# YouTube: Trans-Siberian Express, Moscow-Vladivostok



## GoldenSpike (Apr 5, 2010)

In July 1996, six of us did the Trans-Siberian train trip Moscow-Vladivostok - 6,100+ miles/7 time-zones/7 day trip. According to Wiki it is merely the third longest continuous service in the world. The first two are also in the region but involve travel into China.

One of my travel mates sent me this awesome link below. I wanted to share this with all of you fellow lovers of rail passenger service or have dreamt of making this trip. There is lots of footage of other rolling stock and yard activities as they pass through cities.

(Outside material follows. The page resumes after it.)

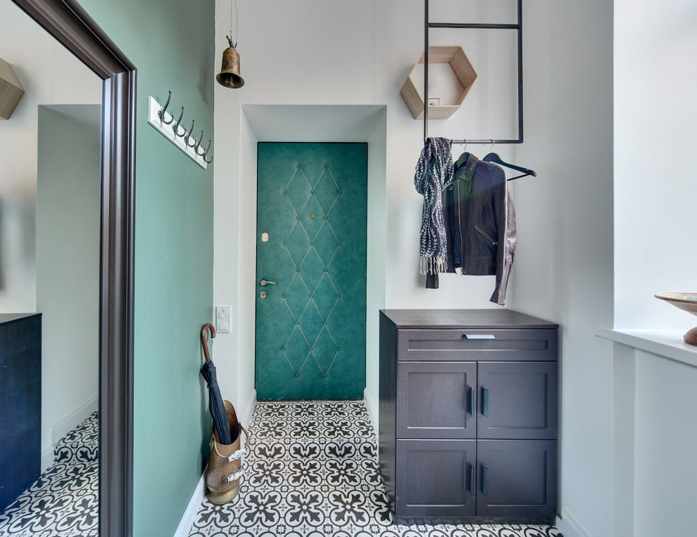 In closed hallways, the optimal solution would be a light turquoise finish, it will reflect artificial lighting and make the room brighter. In open space, deep color is acceptable. Depending on personal preferences, the interior can be made in both classic and modern style.
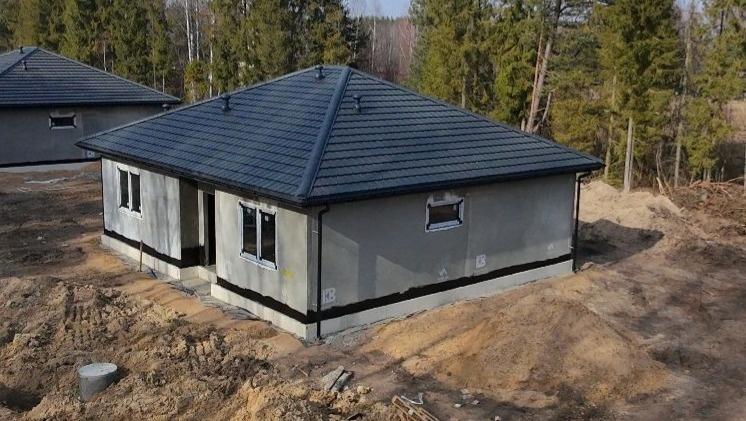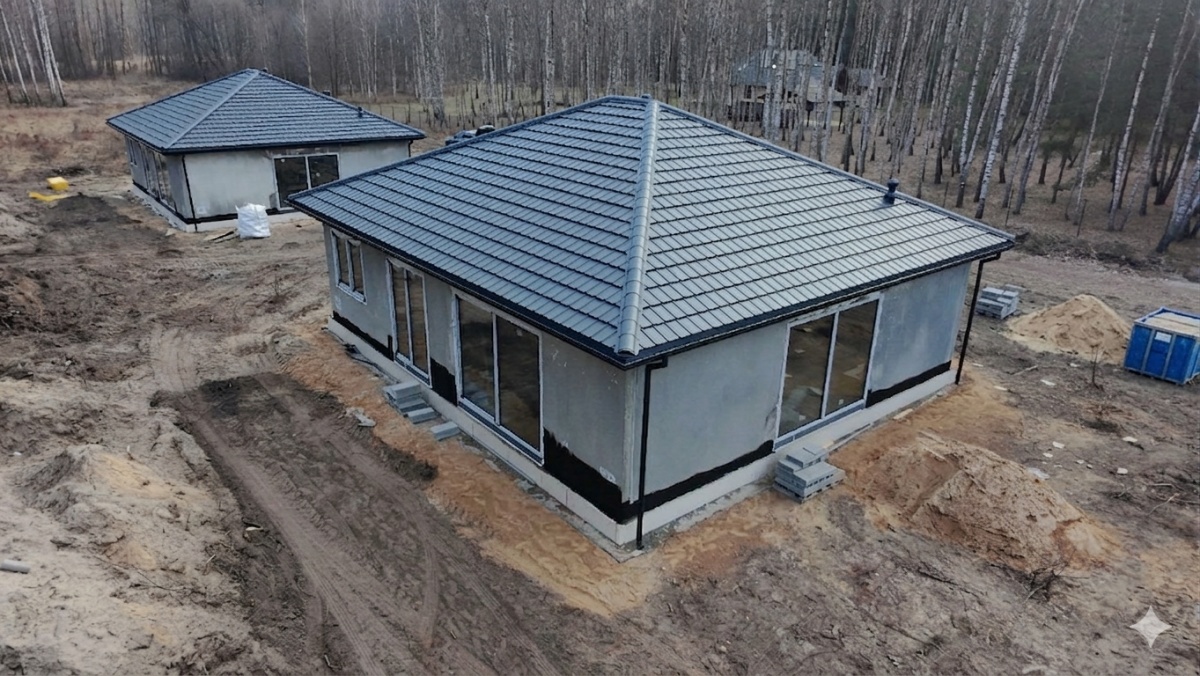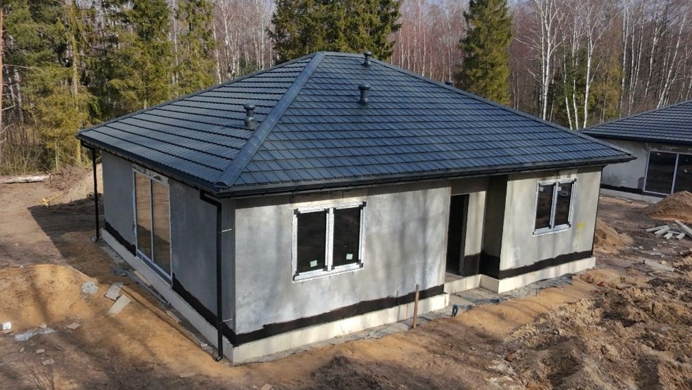 Budynek wykonany świetnym standardzie energetycznym w technologii betonowo‑keramzytowej na płycie fundamentowej

In a joint project by Google and Russian RR, two digital movie or video cameras were affixed to each side of the train and recorded high-quality imagery of, I'm assuming since I haven't seen it all, most of the entire length of the trip in daylight. It was posted on YouTube.

The first segment is moments before leaving Moscow. Each segment will automatically feed to the next the entire trip that are anywhere from a minute long to 30 minutes and more. Or you can pick and choose along the route noted for scenery. While playing, a Google virtual map below tags along to note the location.

In the upper right corner you can choose 'Rumble on Wheels' which is the sound recorded. Or you can pick Russian music for flavor as the scenery and culture passes by.

Enjoy!

http://www.google. ru/intl/ru/ landing/transsib /en.html


----------